Hernan spent three days in St. Mary's hospital in Tucson. Through the work of a volunteer who is also a nurse there, he was able to make a phone call home just before being deported.

It's terrible but not uncommon for groups to start out large and decrease in size the farther they move. People become sick, too tired, subject to heat exhaustion, hypothermia, knee or ankle injuries, terrible blisters, are the victims of robberies and beatings, are 'dusted' by Border Patrol helicopters intentionally trying to split and disorient groups, they might sleep too long and wake up alone, walk too slowly and gradually become so far behind they are lost, or fall victim to countless other factors that occur daily in the desert.
The term 'human-smuggling' is often used instead of migration--it lends a certain urgency for enforcement to the situation. Some believe that because people coming north use guides, or 'coyotes' it is smuggling.
Though the benefits and pitfalls of the 'guiding industry' in migration deserves its own post here, it should be noted that the necessity of a guide, or being a part of a group for days on end in the middle of the desert in order to get into this country is a result of U.S. border enforcement strategies, not a human smuggling racket.
Of course people are going to need to know where to go when they are forced into more and more remote areas of the desert and forced to walk days through rougher and rougher terrain. The number of deaths and medical evacuations would be significantly higher each month if every person who crossed was by themselves, just wandering aimlessly north from the border, thinking they'd know when they got somewhere.
As it is, as of the end of July, the number of recovered human remains in the Tucson sector was 214. A fraction of the actual deaths.

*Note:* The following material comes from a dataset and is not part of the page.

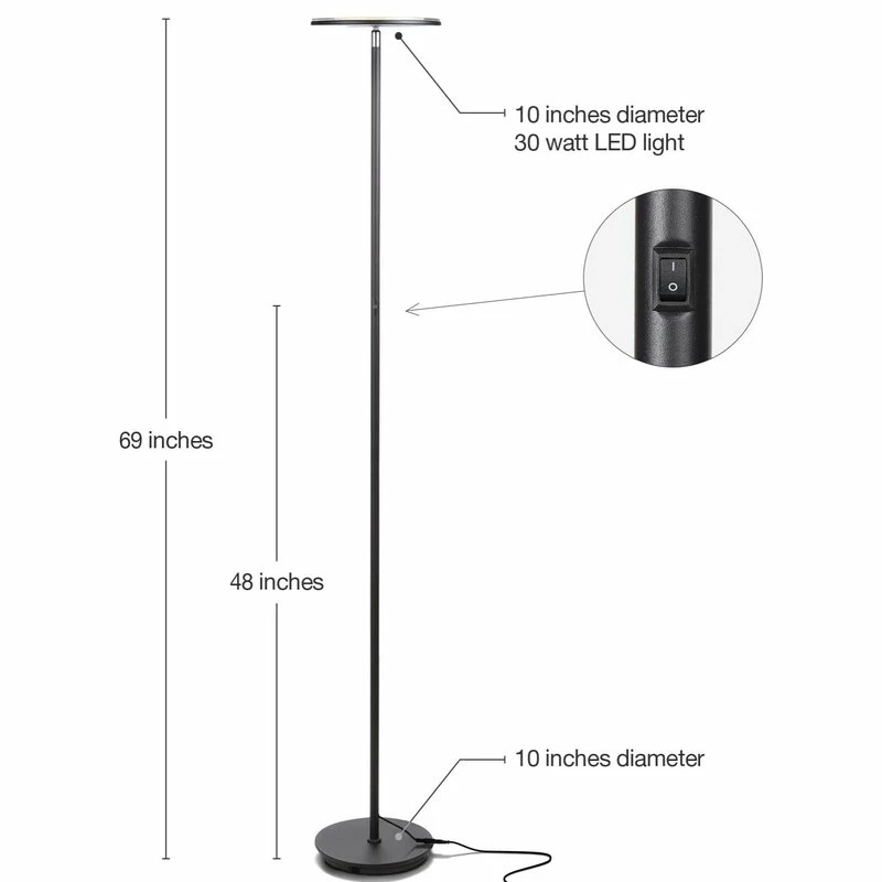 SLENDER FREE STANDING UPLIGHT = GREAT IN A LIVING ROOM CORNER, IN A CORNER OR BEDROOM: Minimalist body lets this lamp slide even into tight corners or behind couches / sectionals. Rotating head pivots light up, down, or side-to-side. Flat top is easy to clean. Stands 5’9″ tall; power cord extends just over 7 1/2 feet. Sturdy, felt-covered base bottom won’t scuff floors; stable 13-pound weight averts tipping over

The next day, patrols went out from camp to Chavez, on the report of the group of 60. They found tracks, a water drop of 40 gallons completely used up, but at least in that one area, no one else left behind.

Thursday, June 3, 2010

Robbed

There was a steady breeze at camp last Saturday, no clouds, only sun, raising temperatures up towards 95 degrees.

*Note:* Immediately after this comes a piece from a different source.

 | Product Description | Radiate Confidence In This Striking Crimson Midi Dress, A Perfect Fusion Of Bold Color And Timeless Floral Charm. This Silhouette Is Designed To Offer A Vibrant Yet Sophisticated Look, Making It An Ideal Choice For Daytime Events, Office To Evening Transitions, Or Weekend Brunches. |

In the early afternoon a group of six men walked in.  They had been in the desert for eight or nine days and were now on their way south.  They had turned around the day before, thinking they couldn't make it.
Two days before they arrived in camp they had been robbed by bandits, south, in the mountains.  Some members of the groups still had a few possessions on them, but most were without their bags, without any water or food for two days.
Of the six, one man, Joseph, had been beaten by the group of bandits.  He had a golf ball sized welt on his forehead, pale purple, and a bruised rib, tender to the touch.  He claimed to have no trouble breathing, so we wrapped it together, iced his head and he took some pain medication.  He repeatedly made hand gestures that he had been beaten with the butt of a gun.
The morning before, Friday, a man stumbled into camp just after sunrise.  He had been shot in the foot two days before while being robbed and now had his t-shirt wrapped around the wound, soaked in blood.  After having the wound cleaned and wrapped the man was evacuated in an ambulance to Tucson.

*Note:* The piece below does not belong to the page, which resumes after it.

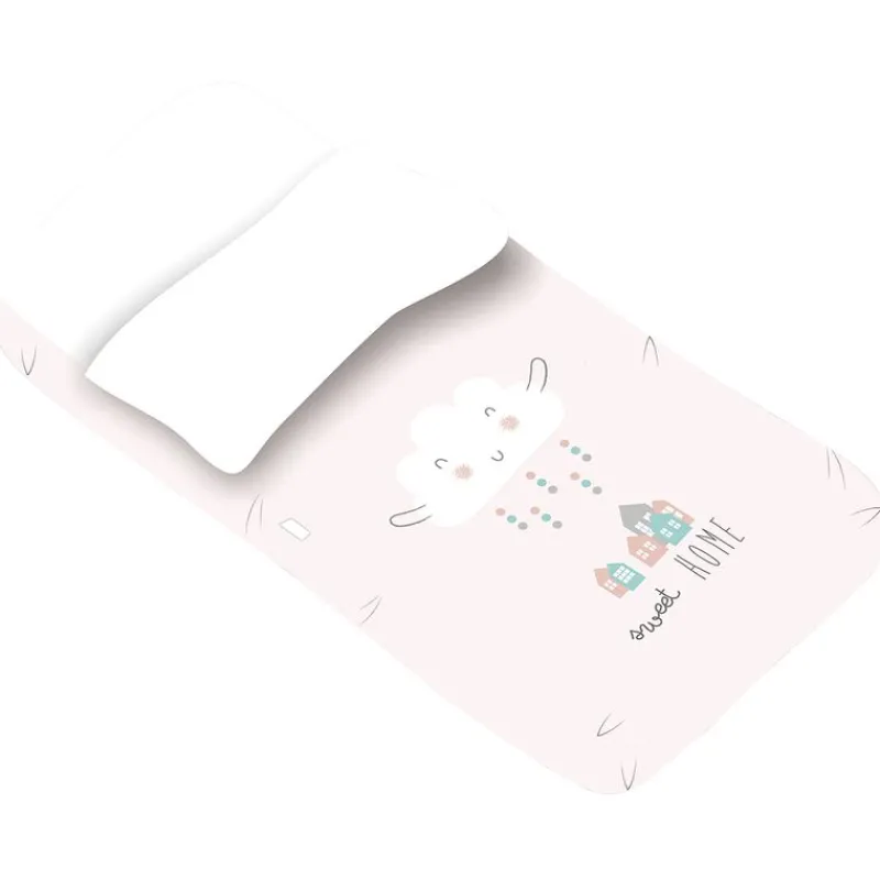El saco se compone de una sábana bajera ajustable con goma que está unida mediante cremallera a la parte superior. La parte superior incluye el relleno para invierno que a su vez es extraíble para poder utilizarlo durante todo el año.

It isn't only the environment that people must face to come here.  It is not uncommon to hear stories and signs of groups being robbed on their way north, of women being raped, of complete lawlessness, despite increasing numbers of Border Patrol agents, mobile surveillance units, sheriffs operating under the authority of the federally funded Operation Stone Garden--giving them immigration enforcement powers (even before SB1070 was on the Senate floor)--and soon, another shot by the National Guard.

Conditions don't relent: temperatures will be above one-hundred degrees for much of this week.  The number of recovered human remains in the Tucson sector is up 18% from this time last year--from 92 bodies in 2009 to 108 so far this year, and this is only the beginning of the summer crossing season.